A Recap of 2018 for the UK Retail Sector

A Recap of 2018 for the UK Retail Sector

Home » A Recap of 2018 for the UK Retail Sector

2018 was a challenging year for retail as brands struggled with how best to position their offering in the mix of channels now available to consumers. From declining footfall and reduced construction spend to changing spending habits, traditional retailers had to up their game to hold the attention of increasingly savvy consumers.
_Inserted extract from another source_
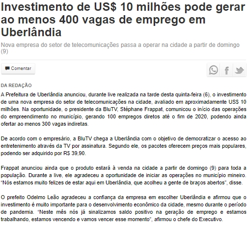https://diariodeuberlandia.com.br/noticia/26094/investimento-de-us-10-milhoes-pode-gerar-ao-menos-400-vagas-de-emprego-em-uberlandia

And for some, there was visible success as overall retail growth in the UK increased by 2.7%. For many, however, nervousness about political factors, increased pressure on disposable income, large high street brands disappearing and a myriad of other factors, it was yet another year of hoping for the best and just getting through it.

Post By Craig Bennett -
CEO

Customers demanded more from their shopping experience


Physical stores in the UK continued to undergo a structural change as consumers demanded a less predictable shopping experience. Bricks and mortar shops were, and are likely to remain, the most significant channel for many brands but the role they must play, and the experiences they offer, will continue to evolve. For many consumers, the ability to touch, feel and engage with products satisfies a need that simply cannot be met by online shopping. However, issues with the basics in physical shops such as poor lighting, confused layouts and bad décor were just some of the triggers that saw shoppers taking their business elsewhere.

 
 

Reality hit on the high-street


2018 was a year that saw several stalwarts of the British high streets struggle to hold on as they wrestled with the change needed to meet the demand of today’s customers. 43 companies, affecting over 2,500 stores and almost 50,000 staff, went into administration during the year, evidence should it be needed of just how difficult the market has been to operate in.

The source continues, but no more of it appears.